Not inside a comment or a macro that's never used of course - that would
be cheating.

All of these are possible interpretations of "---" (again quoteless).

But only one is correct.

Certainly you aren't going to claim that "---" is yet another
specially-recognized token are you?

Certainly not.

So which is it?

["--", "-"]

No, what seems abundantly clear is that the preprocessor isn't doing
any math, it's simply replacing string "tokens" with their
corresponding definitions.

Quite.

Tokens are seperated by "delimitors" such
as SPACE (' ') and other accepted delimitors such as the minus sign
('-').

Minus sign is itself a token, not a delimiter between tokens.

Brackets, space, + - slash, comma, basically anything that's
not a "csym" seems to serve as a proper delimitor

Or rather, as a token:

2.12 Operators and punctuators
1 The lexical representation of C++ programs includes a number of
preprocessing tokens which are used in the syntax of the preprocessor or
are converted into tokens for operators and punctuators:
preprocessing-op-or-punc: one of
    { } [ ] # ## ( )
    <: :> <% %> %: %:%: ; : ...
    new delete ? :: . .*
    + * / % ^ & | ~
    ! = < > += = *= /= %=
    ^= &= |= << >> >>= <<= == !=
    <= >= && || ++ -- , ->* ->
    and and_eq bitand bitor compl not not_eq
    or or_eq xor xor_eq

Anyway, either the preprocessor knows C++ and does math or it's a
strtok(er)/srep(er).

It's mostly the latter, though the tokenizing process is more
complicated than what's achievable with strtok (and I'm not at all
familiar with srep).

And I seriously doubt it does any "token"
mathematics

I'm not sure what you mean by "token mathematics".

[though will do some basic algebra on numeric constants
such as 10/2 but that's about the extent of it from my experience].

No, the preprocessor won't.
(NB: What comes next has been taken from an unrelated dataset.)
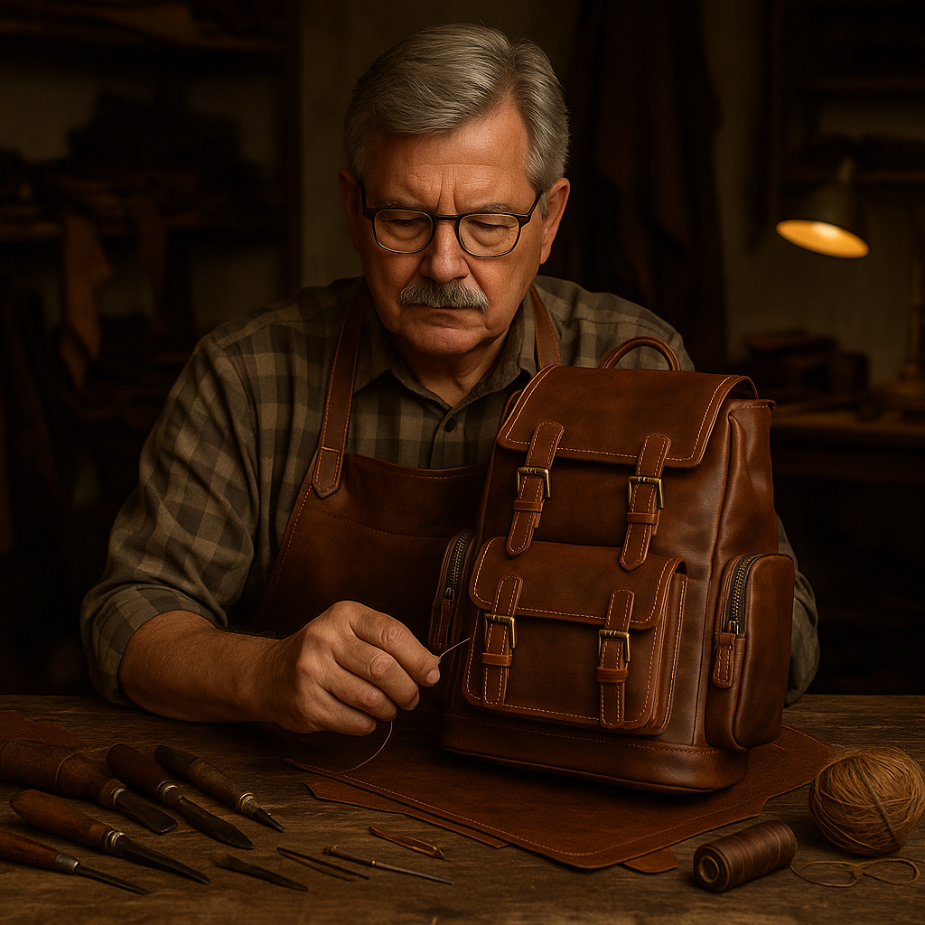 Hello, I’m David Johnson, and I have been crafting exceptional leather goods for over four decades using the traditional techniques my father taught me. Each piece is carefully handcrafted in my workshop in San Antonio, Texas, using genuine materials and the right tools—no shortcuts, no machines. Leatherworking is my passion, and it gives me deep satisfaction to create backpacks that last a lifetime and become more beautiful with age.

The compiler will. Consider:

#define X 10/2
#define STR1(x) #x
#define STR(x) STR1(x)

printf("%s", STR(X));

This prints "10/2", not "5". On the other hand, if you write

int main() { return X; }

the generated assembly will be equivalent to that generated for "return
5;". There will be no division instruction.
--
With best wishes,
Igor Tandetnik

With sufficient thrust, pigs fly just fine. However, this is not
necessarily a good idea. It is hard to be sure where they are going to
land, and it could be dangerous sitting under them as they fly
overhead. -- RFC 1925